* **Given data**:

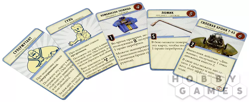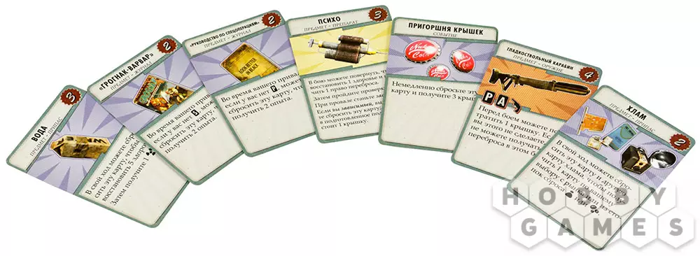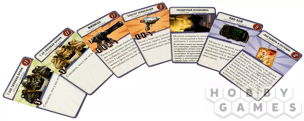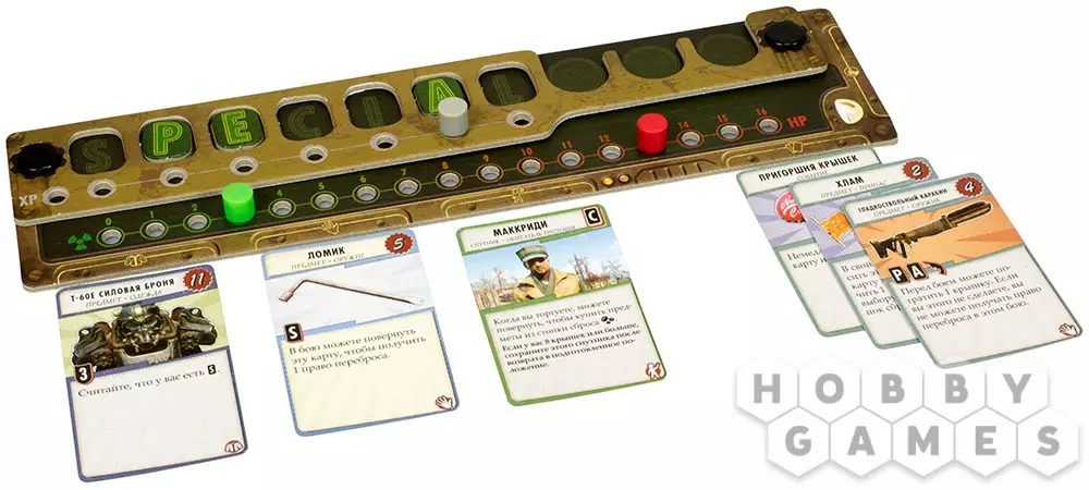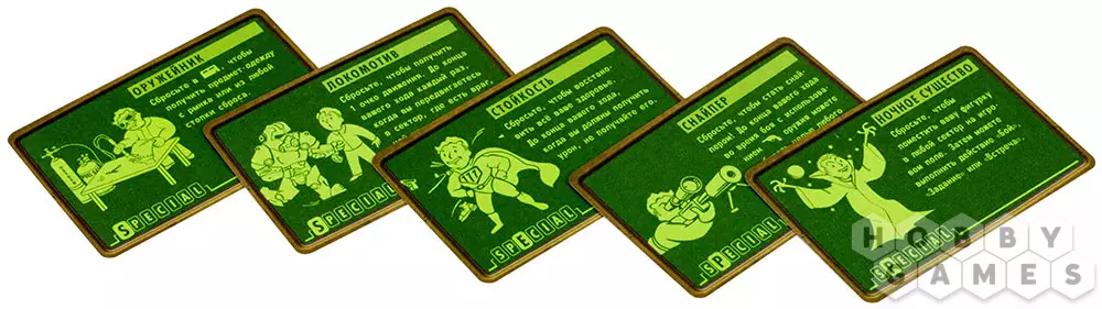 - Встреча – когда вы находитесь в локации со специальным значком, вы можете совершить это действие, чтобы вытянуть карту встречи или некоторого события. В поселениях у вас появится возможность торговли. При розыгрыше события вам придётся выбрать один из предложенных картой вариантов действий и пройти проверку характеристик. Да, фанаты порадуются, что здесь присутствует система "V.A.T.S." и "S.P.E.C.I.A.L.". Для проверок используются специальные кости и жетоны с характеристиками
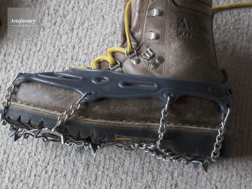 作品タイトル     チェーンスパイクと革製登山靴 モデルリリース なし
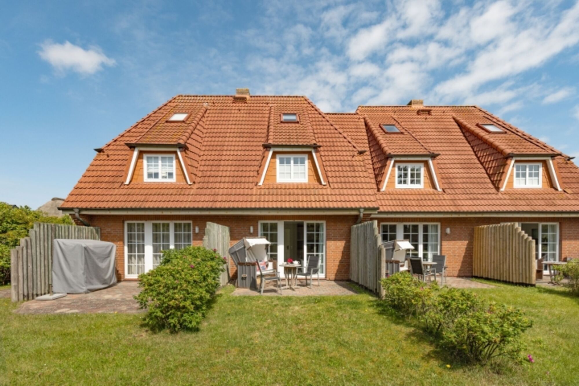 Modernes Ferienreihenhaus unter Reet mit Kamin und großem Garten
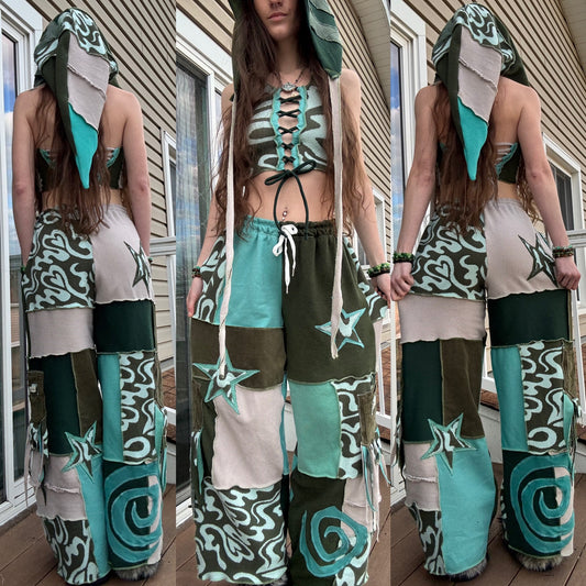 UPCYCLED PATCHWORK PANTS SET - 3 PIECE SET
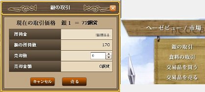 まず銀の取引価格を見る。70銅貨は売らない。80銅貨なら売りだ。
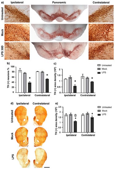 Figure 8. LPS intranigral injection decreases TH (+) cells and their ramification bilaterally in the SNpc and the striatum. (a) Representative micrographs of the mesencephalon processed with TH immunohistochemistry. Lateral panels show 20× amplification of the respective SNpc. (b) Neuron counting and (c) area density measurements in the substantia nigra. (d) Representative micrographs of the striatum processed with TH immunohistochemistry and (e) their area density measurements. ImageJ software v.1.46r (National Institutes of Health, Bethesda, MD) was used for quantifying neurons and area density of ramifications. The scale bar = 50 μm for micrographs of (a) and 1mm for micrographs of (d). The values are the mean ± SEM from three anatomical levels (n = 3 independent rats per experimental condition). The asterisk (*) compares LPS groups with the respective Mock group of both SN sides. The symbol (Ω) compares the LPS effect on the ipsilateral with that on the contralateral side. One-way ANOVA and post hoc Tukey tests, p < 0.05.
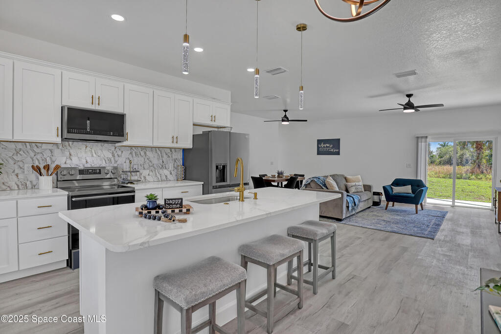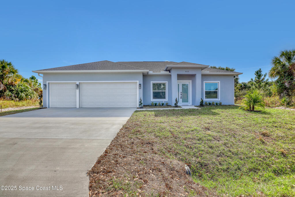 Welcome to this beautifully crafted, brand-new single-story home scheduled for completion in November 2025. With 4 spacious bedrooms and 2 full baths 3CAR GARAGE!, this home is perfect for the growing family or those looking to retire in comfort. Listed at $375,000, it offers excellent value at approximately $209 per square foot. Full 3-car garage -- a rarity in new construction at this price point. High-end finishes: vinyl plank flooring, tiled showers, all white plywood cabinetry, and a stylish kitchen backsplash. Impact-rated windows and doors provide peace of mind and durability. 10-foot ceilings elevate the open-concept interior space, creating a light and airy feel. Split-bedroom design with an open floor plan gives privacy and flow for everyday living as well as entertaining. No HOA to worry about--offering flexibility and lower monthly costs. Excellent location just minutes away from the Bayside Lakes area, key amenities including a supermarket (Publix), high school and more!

* **Assignment**:
What is needed is an exact retyping of the lines from the start of the data through the line with "Figure 8. LPS", with both end lines kept and every picture left out.

* **Solved exercise**:
 - Встреча – когда вы находитесь в локации со специальным значком, вы можете совершить это действие, чтобы вытянуть карту встречи или некоторого события. В поселениях у вас появится возможность торговли. При розыгрыше события вам придётся выбрать один из предложенных картой вариантов действий и пройти проверку характеристик. Да, фанаты порадуются, что здесь присутствует система "V.A.T.S." и "S.P.E.C.I.A.L.". Для проверок используются специальные кости и жетоны с характеристиками
 作品タイトル     チェーンスパイクと革製登山靴 モデルリリース なし
 Modernes Ferienreihenhaus unter Reet mit Kamin und großem Garten
 UPCYCLED PATCHWORK PANTS SET - 3 PIECE SET
 まず銀の取引価格を見る。70銅貨は売らない。80銅貨なら売りだ。
 Figure 8. LPS intranigral injection decreases TH (+) cells and their ramification bilaterally in the SNpc and the striatum. (a) Representative micrographs of the mesencephalon processed with TH immunohistochemistry. Lateral panels show 20× amplification of the respective SNpc. (b) Neuron counting and (c) area density measurements in the substantia nigra. (d) Representative micrographs of the striatum processed with TH immunohistochemistry and (e) their area density measurements. ImageJ software v.1.46r (National Institutes of Health, Bethesda, MD) was used for quantifying neurons and area density of ramifications. The scale bar = 50 μm for micrographs of (a) and 1mm for micrographs of (d). The values are the mean ± SEM from three anatomical levels (n = 3 independent rats per experimental condition). The asterisk (*) compares LPS groups with the respective Mock group of both SN sides. The symbol (Ω) compares the LPS effect on the ipsilateral with that on the contralateral side. One-way ANOVA and post hoc Tukey tests, p < 0.05.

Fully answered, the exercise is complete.